Tonight,  after dinner, I went out on the back porch and lit up a cigar. 

It’s  a gorgeous  night, balmy with a little breeze.  I sat in the dark, no light on, just breathing, listening to the rustle of trees, the hum of the odd car.  With my Lab, Dutch, by my side sniffing the air, I blithely watched the end of the cigar flare up in the shadows.  

After a while,  I knocked the ash off my Macanudo Portofino, let it die, then put the rest back in the tube to save for another day. 

I remember  the first time I smoked a cigar.  I was 18, at a party, when an older boy, at least 20, offered me one.  I was ripe for the pickin’ and thought I was the hottest thing since – well – Tiparillo’s. 
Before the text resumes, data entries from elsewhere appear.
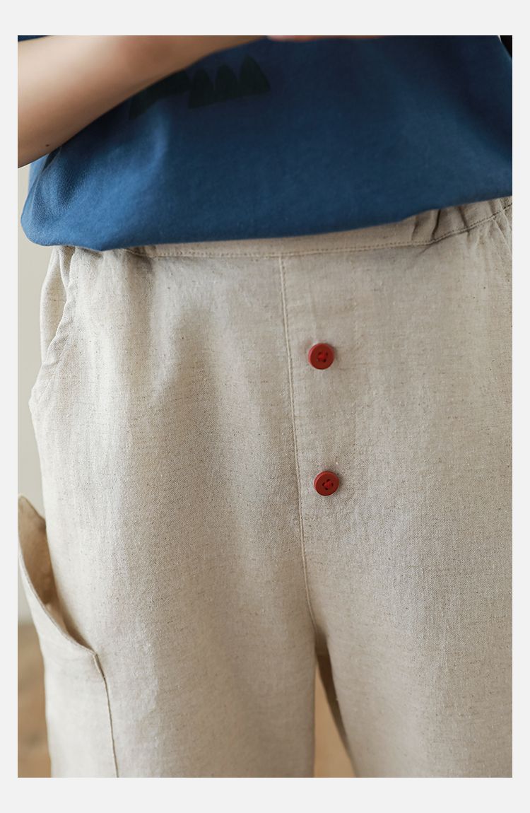 棉麻感休閒短褲,日系小清新
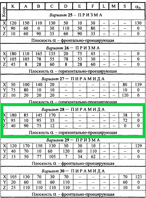 а) проходящей через заданную точку K и перпендикулярной к одной из плоскостей проекций ( варианты заданий 1/32)
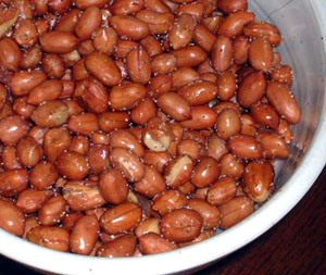 ◆鍋にきれいな油を入れ、温度が低いうちから生ピーナッツを入れ、中火でかき混ぜながら、若干色づくまで揚げる
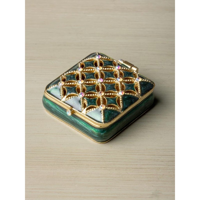 chehoma Green Enamel Pewter Tin with Magnetic Closure 5 x 4.5 x 2 cm
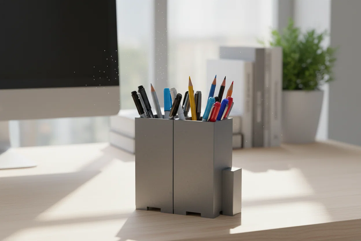 Bạn đang cảm thấy bàn làm việc quá bừa bộn với bút viết nằm vương vãi khắp nơi? Hãy thử ngay mẫu khay cắm bút thông minh có thể ghép nối (Connectable Pen Holder) này. Đây là giải pháp in 3D cực kỳ tiện lợi, cho phép bạn in nhiều module riêng lẻ và kết nối chúng lại thành một bộ sắp xếp chuyên nghiệp. Với thiết kế tối giản, vững chãi và dễ dàng tùy chỉnh, bạn có thể tự tay mở rộng không gian lưu trữ cho riêng mình. Đây là món phụ kiện bàn làm việc không thể thiếu cho các bạn học sinh, sinh viên và nhân viên văn phòng yêu thích sự ngăn nắp, khoa học. Chỉ cần sử dụng vật liệu PLA thông dụng, bạn đã có thể sở hữu một bộ khay bút vô cùng bền bỉ và tinh tế.

Remember Tiparillo’s  – they were back in the ’60’s, I had just graduated high school: an all-girls Catholic high school, in the Bronx.  We wore green uniforms and I rolled my skirt.
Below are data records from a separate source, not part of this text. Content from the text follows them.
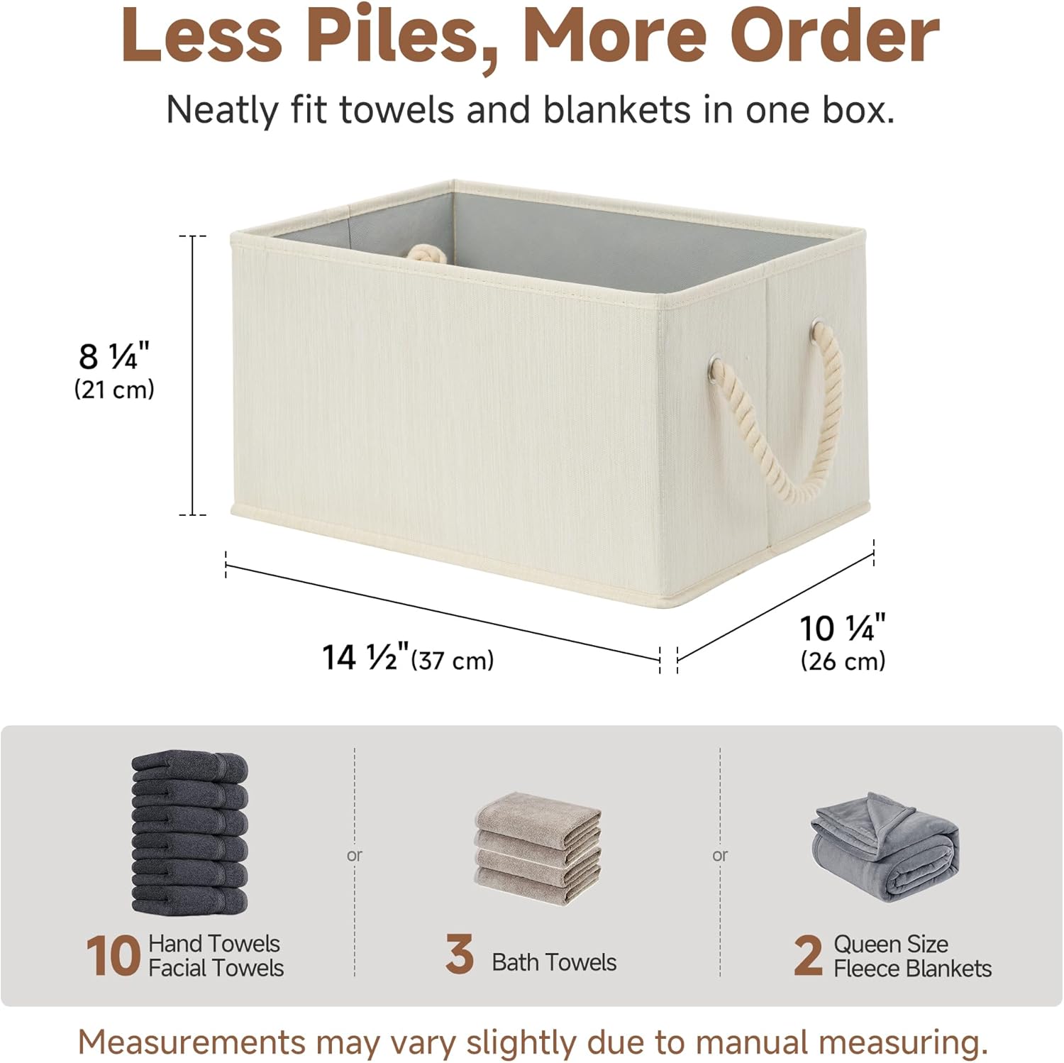 These storage baskets are amazing. I’ve had them for a few years, and they still look great. Perfect for organizing clothes or other items in closets and shelves.
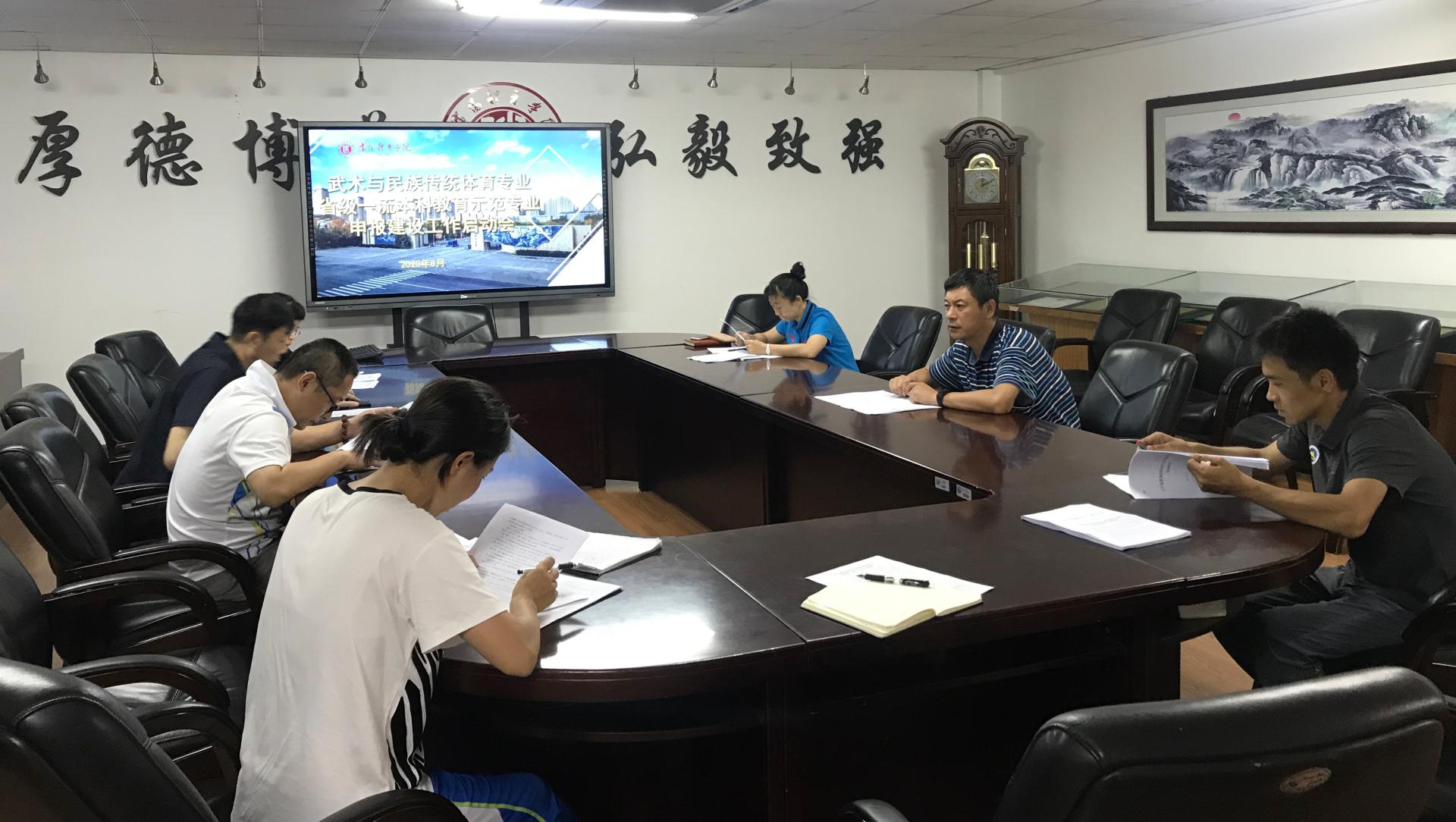 8月12日下午,武术与舞蹈学院在学院会议室召开武术与民族传统体育专业省级一流本科教育示范专业申报工作启动会。武术与民族传统体育专业带头人、骨干教师参加,党总支书记于文军主持会议。
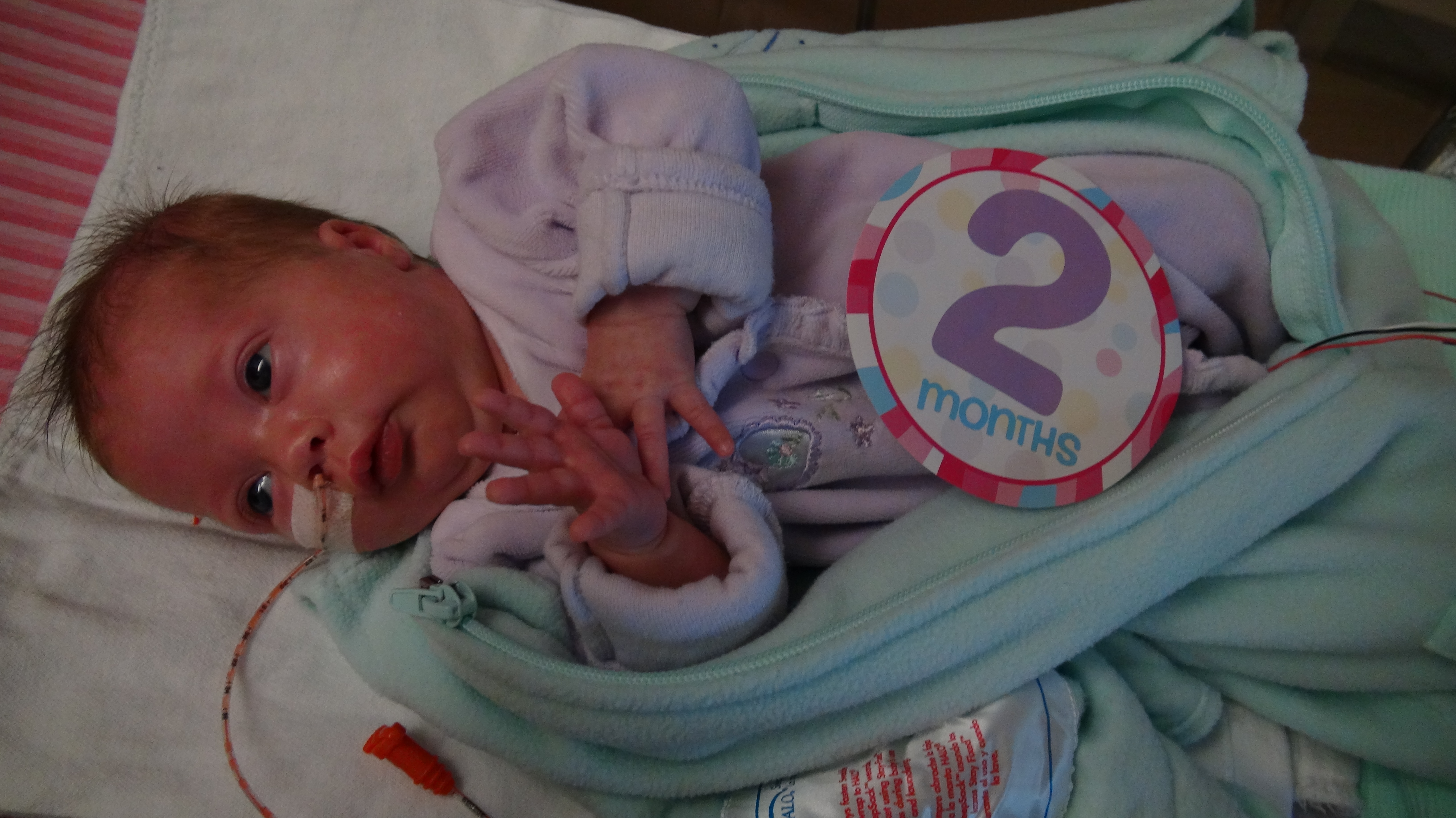 Our little Princess Ellie also celebrated her 2-month birthday with a reanastamosis. She had her jejunum reconnected and was able to be extubated today. It was wonderful to see her breathing on her own and even smiling after they removed the tube. She truly is a tough cookie. Her tolerance for pain and her ability to self-soothe are amazing. We have no doubt that this was only a speed bump on her journey home. She is our little peanut at 5lbs and 7oz, but keeps pace with Theo in the eating department and definitely may beat the other girls home.

That first summer  after graduation, I started lighting up, never at home, but at parties, bars, and on street corners under the streetlight with friends.  They had Marlboro’s, Winston’s, and a Camel or two, but my smoke of choice was a Tip – a Tiparillo.   

There was an ad  campaign, something about, “Should a gentleman offer a lady a Tiparillo?”  The point being, that Tiparillo’s were almost cigars, and since few women smoked cigars, this was one you could smoke and still be a lady.    
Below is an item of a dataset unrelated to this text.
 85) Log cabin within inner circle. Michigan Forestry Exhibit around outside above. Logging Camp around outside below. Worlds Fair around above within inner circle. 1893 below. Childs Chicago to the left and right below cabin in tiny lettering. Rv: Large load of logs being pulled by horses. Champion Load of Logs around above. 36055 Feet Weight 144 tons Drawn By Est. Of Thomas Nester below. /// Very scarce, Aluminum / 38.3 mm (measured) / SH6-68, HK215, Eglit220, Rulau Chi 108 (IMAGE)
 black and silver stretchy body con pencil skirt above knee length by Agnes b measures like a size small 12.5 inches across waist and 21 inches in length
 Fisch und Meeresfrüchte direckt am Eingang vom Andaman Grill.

Almost cigars was actually way off the mark – Tiparillo’s were kinda’ like a bigger, longer cigarette, without the white paper, but with a tobacco wrapper and a plastic mouthpiece.  

They came  maybe five in a pack and tasted more like the smoke of a cigarette, then a cigarette itself, and not anywhere near as strong as a real cigar, or even as strong as my mother’s Pall Mall’s.  I probably went through a pack or two a year before I stopped smoking all together when I married at 23. 

The ads  didn’t merely sell Tiparillo’s; they sold sex.    Under a photo of a topless, bespectacled, big-breasted woman, with a ledger book decorously placed, was the slogan, “Should a gentleman offer an accountant a Tiparillo?”   How risqué was that !

My bra size  was 32A, I needed my glasses for walking, talking, and breathing, couldn’t balance the books to save my soul, but that Tiparillo made me Fab.  

A few years ago,  after almost 30 years of not smoking, I celebrated my 50th and lit up cigar.  Maybe it was the lightheadedness the smoke caused or the flood of memories that made me high – but the contentment immediately returned.  And, like a Tip, I only want one or two a year.   

Chocolate  is my addiction, cigars are my caprice: the slow prep, the waving flame, the intake not the inhale of breath, the aroma, the anxiety of a bite, then the tranquility when it doesn’t come, never fails to soothe me. 

Tonight’s cigar  had me envisioning that hot teenager of 40 years ago, and bending over to pet Dutch, those boobs are still 32.  Yep – 32 inches from tip-to-floor.